This system of government control contrasts with the democratic free market in which the people are sovereign:
In the market economy the consumers are supreme. Their buying and their abstention from buying ultimately determine what the entrepreneurs produce and in what quantity and quality. It determines directly the prices of the consumers’ goods and indirectly the prices of all producers’ goods, viz., labour and material factors of production. It determines the emergence of profits and losses and the formation of the rate of interest. It determines every individual’s income. The focal point of the market economy is the market, i.e., the process of the formation of commodity prices, wage rates and interest rates and their derivatives, profits and losses. It makes all men in their capacity as producers responsible to the consumers. This dependence is direct with entrepreneurs, capitalists, farmers and professional men, and indirect with people working for salaries and wages. The market adjusts the efforts of all those engaged in supplying the needs of the consumers to the wishes of those for whom they produce, the consumers. It subjects production to consumption.
The consumers have made their choices and determined the income of the shoe manufacturer, the movie star and the welder. Who is Professor X to arrogate to himself the privilege of overthrowing their decision? If he were not a potential dictator, he would not ask the government to interfere. He would try to persuade his fellow-citizens to increase their demand for the products of the welders and to reduce their demand for shoes and pictures.

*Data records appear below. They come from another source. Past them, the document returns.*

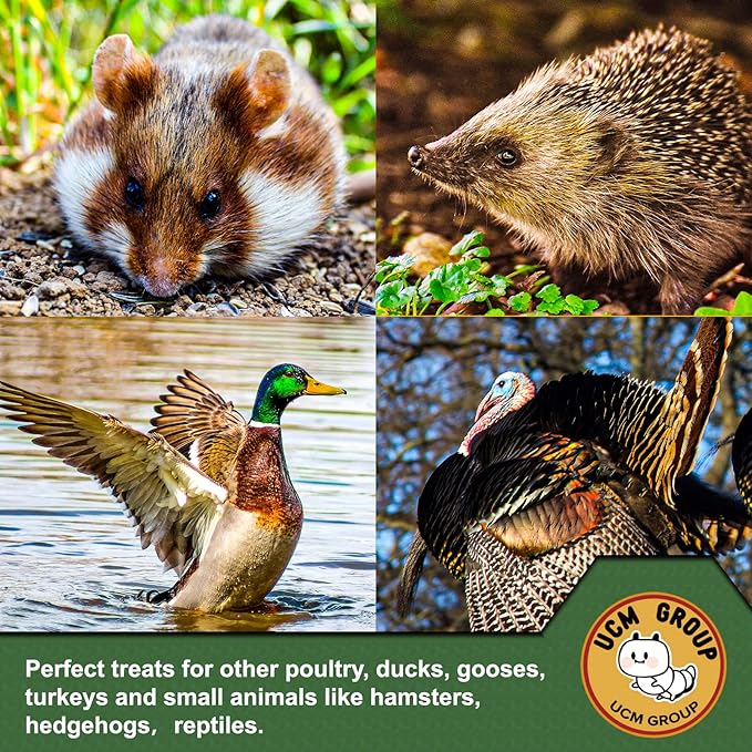 • 【Perfect treats for animals】Our mealworms with high protein and other essential nutritions for animals. This will help the baby chickens or birds grow up stronger and healthier. Improve the condition of pets and supplement nutrition. They are also excellent for ducks, turtles, hedgehogs and wild birds.
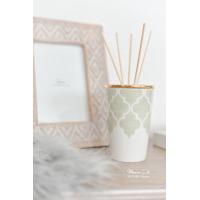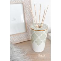 ・白磁のソープディスペンサー、ソープトレイ、パフュームボトルなどにあしらって、オシャレでナチュラルな空間を。
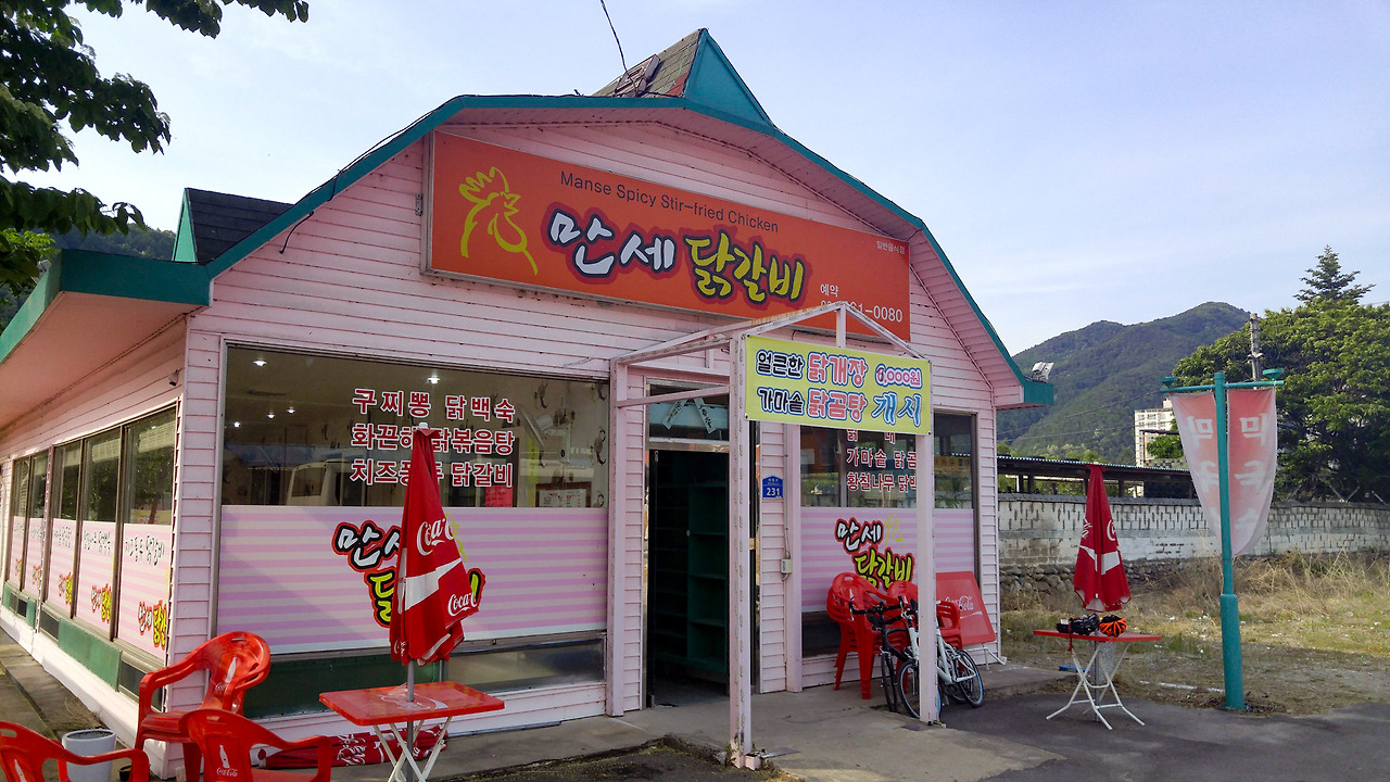 원통에서 늦은 점심을 먹으려 했는데 제대로 된 식당이 안 보인다. 찾다찾다 닭갈비집에 가서 막국수를 먹기로 한다.
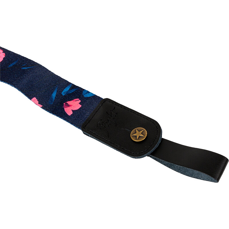 Flight S35 Sakura Ukulele Strap on erittäin laadukas ja kätevä hihna ukulelen kaveriksi! Tässä S35 Sakura -mallissa on upea kirsikankukkakuviointi tummansinisellä pohjalla. Tämä polyesterhihna on erittäin kestävä ja sen pituus on helposti säädettävissä. Nahkaiset hihnan päät lisäävät kestävyyttä ja antavat tälle oman lämpimän säväyksen. Mukana tulee myös nahkainen remmi napilla, jonka avulla saat hihnan kiinnitettyä ukulelen lapaan siten, että se on myös helposti irroitettavissa.
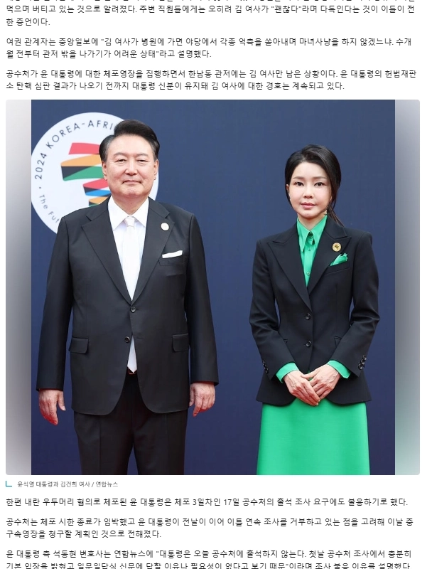 08:44 01/17/2025 First lady Kim Kun-hee, left alone at the official residence, received worrying news.
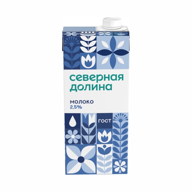 Молоко 2,5% Северная долина 950г с крышкой Россия

…But what shall we think of the statesman who interferes by compulsion in order to raise the price of cotton above the level it would reach on the free market? What the interventionist aims at is the substitution of police pressure for the choice of the consumers. All this talk: the state should do this or that, ultimately means: the police should force consumers to behave otherwise than they would behave spontaneously. In such proposals as: let us raise farm prices, let us raise wage rates, let us lower profits, let us curtail the salaries of executives, the us ultimately refers to the police. Yet the authors of these projects protest that they are planning for freedom and industrial democracy.
So TJ what do you have to say about Mises, The Austrian School of Economics and National Socialism
[and don't bother with any diatribe about fascist = right wing that is and would just show the crutches of Stalinism you stand with]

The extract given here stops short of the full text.